Theory Practice Gap: Myth or reality? 

I was chatting to a group of student midwives recently, and casually asked, have you ever experienced practice in the ‘clinical areas’ which just didn’t fit with the stuff you have been taught at university? 

The answer was quick in coming: ‘have we ever’!? One of the 3rd years almost shouted, ‘on a daily basis’! The group went on to recount episode after episode of encounters where mentors had behaved in a way that directly contradicted what they had been reading and learning from lecturers.

To be honest I was not surprised, when I qualified in 1994 we where having the same conversations, if it wasn’t ‘coaching pushing with breath holding’ it was using the ‘lithotomy position’ to speed up the birth.  
What is going on? 

When will this mad ‘theory practice gap’ be bridged? When will newly qualified midwives enter practice confident that they won’t have to ‘battle’ out dated practices that they know are, if not wrong, not the best we could be offering pregnant women and their families? 

Seems obvious to me, because of the way we are ‘wired’ to learn mentors in the clinical areas have more power to influence the practice and learning of student midwives than academics. 

It’s simple really if we reflect on our own experience of learning, I hate to say it but my children are walking in the footsteps I thought I covered up. 

All learning is a deeply unconscious process, we watch, we listen, we imitate, our behaviours are the outflow of what we have modelled from those around whose opinions are important for our survival.  

Hey, I know getting on with your mentor is not a ‘life or death’ issue, but when you’re a student it feels like it right? 
If you are going to survive the course and at some point fit into the workforce your behaviours have to become consistent with the spoken and unspoken rules of the institution. 

What is the answer to the ‘theory practice gap’? 
I’m guessing there isn’t one answer, but seeking to point midwifery education in the direction of the ‘old paths’ would be a good place to start; an apprentice model rather than a purely academic one. 

‘Wise woman, with wise woman’, the lecturer being in practice with a ‘caseload’ of pregnant women and small group of students that they work with day to day. 
The students are guided in their reading and reflection outside of the times when they are just being with their midwife/educator/mentor, no separation between what they are learning and what they are seeing, hearing, experiencing every day as they ‘become’ midwives. 

Imagine many, many, birth educator/practitioners each with a small group of students, little or no classroom work, yes, lots of study, writing and reflection but outside of the times that students are just with women as they birth, learning from their ‘wise woman midwife’. 

Mad? Maybe, unworkable? Probably, but something needs to be done, if the current situation is to be reversed. 

6 thoughts on “Theory Practice Gap: Myth or reality? 

  1. I am a Senior Lecturer in Midwifery who still practices regularly. It is difficult as I do this in my own time, however, I am a midwife first and foremost. I believe it is beneficial to both me and my students. I would love to have a small caseload and teach – what a fab combination. I initially tried part time teaching and part time practice but this was incredibly difficult to maintain- potential clashes with off duty and teaching sessions!

  2. 100% agree. I struggled so much with this concept. What I learnt at uni was how i wanted to practice. But my mentor in 2nd yr practiced without a care for evidence and bullied women into.doing a they were told . This got me down so much I ended up walking away. I’m going to return as women deserve better.
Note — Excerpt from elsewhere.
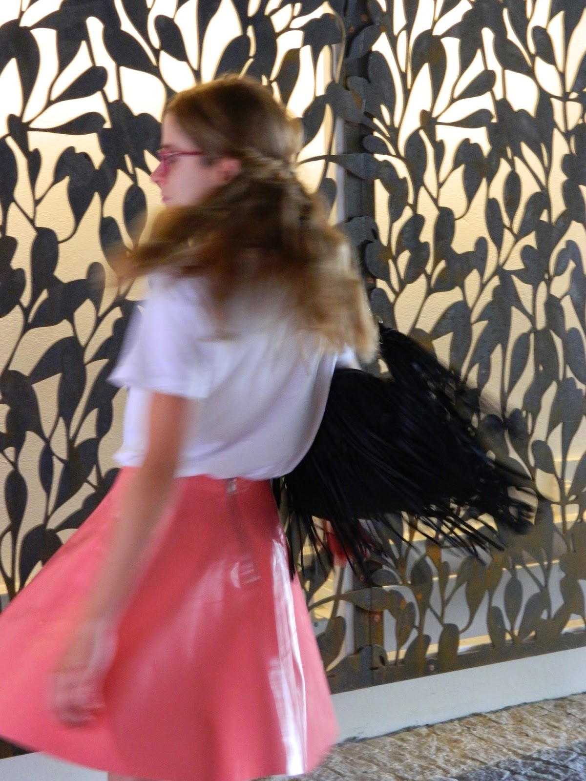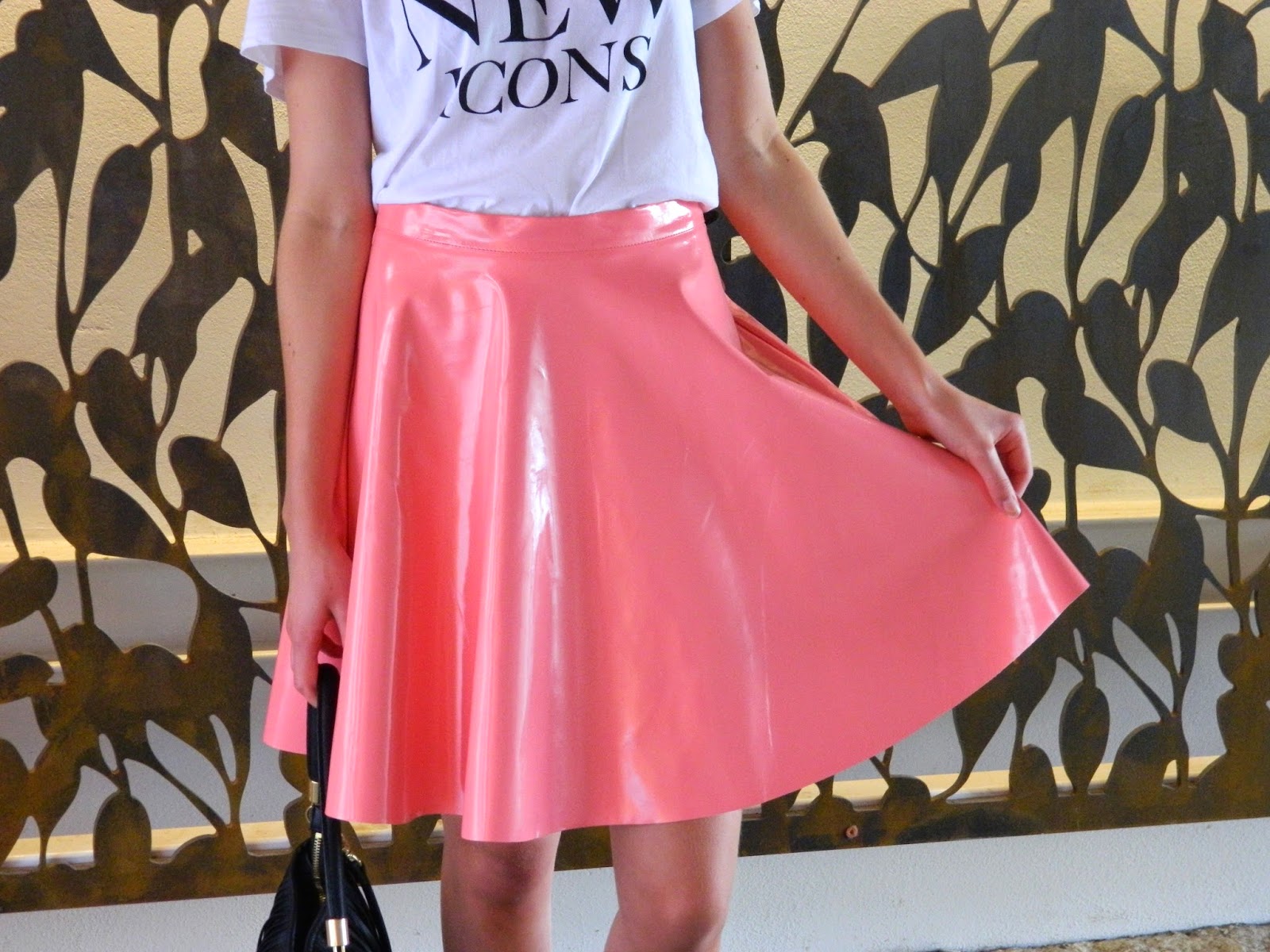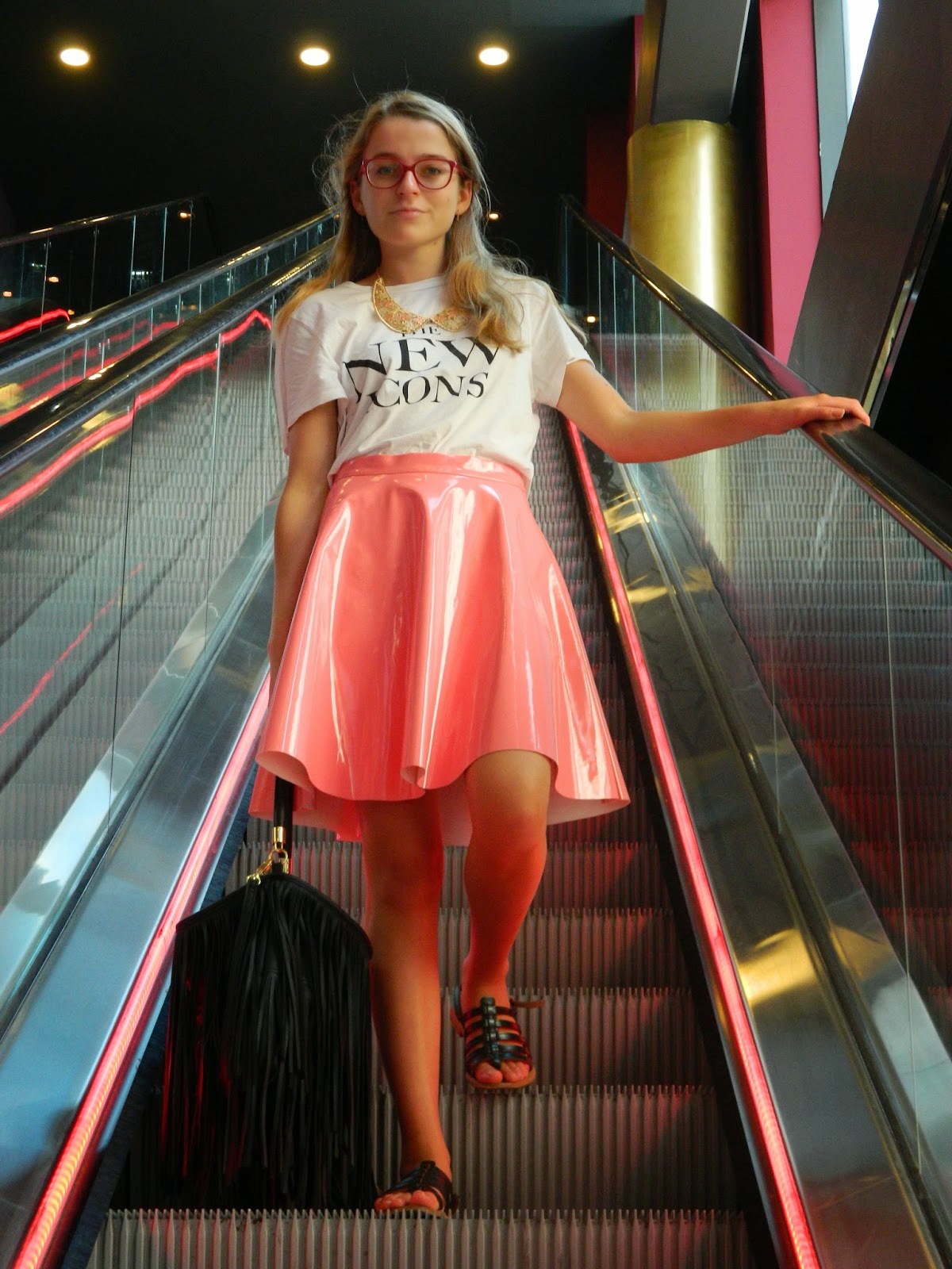 Inaugurer ma jupe en vinyle rose n’est pas chose facile. A associer, et pour sortir avec dans la rue. Bien que je ne sois pas une peureuse au niveau des réactions des gens très souvent pénibles, je savais que cette jupe attirerait les regards. Pourtant lors de sa sortie, ça s’est plutôt bien passé, je ne peux qu’être contente. Il faut dire que j’ai essayé de la jouer light. Mon teesh New Icons, assez mec, et des accessoires noirs. J’ai juste ajouté mon collier dans les mêmes tonalités de ma jupe et afin de féminiser mon teesh. De jolis décors pour ce nouveau look. Un nouveau passage accessible depuis peu, et dans les escalators du cinéma.

  3. Hi mark, I saved this blog post as I knew I would be looking into this issue as part of my studies. As a practitioner, this was my biggest source of infuriation. I kept myself updated, shared practice with other midwives and generally strived to be the best midwife I could for women, listening to them and implementing what I knew to be benificial. However, I constantly came up against institutional barriers that prevented me from practising using ‘best theory’ wether that be staffing implementation that prevented continuity, management strategies that prevented intervention, clashes of personalities that prevented collaborative working ( I could go on). I am not sure the solution to the theory practice gap would be to have midwifery teaches working on the shop floor alongside stunts, so to speak, but taking the shop floor away.
    If midwives had true autonomy and worked in a system which prioritised a social model of care, work models which treat birth as a manageable form of productivity, fulfilled midwives ( who don’t just comply because of despondency in the system) an ability to use best practice (theory) without organisational constraints ( the barriers to implementation) we may be able to close the gap! Aaaaaaaaah! Midwifery/birth utopia!!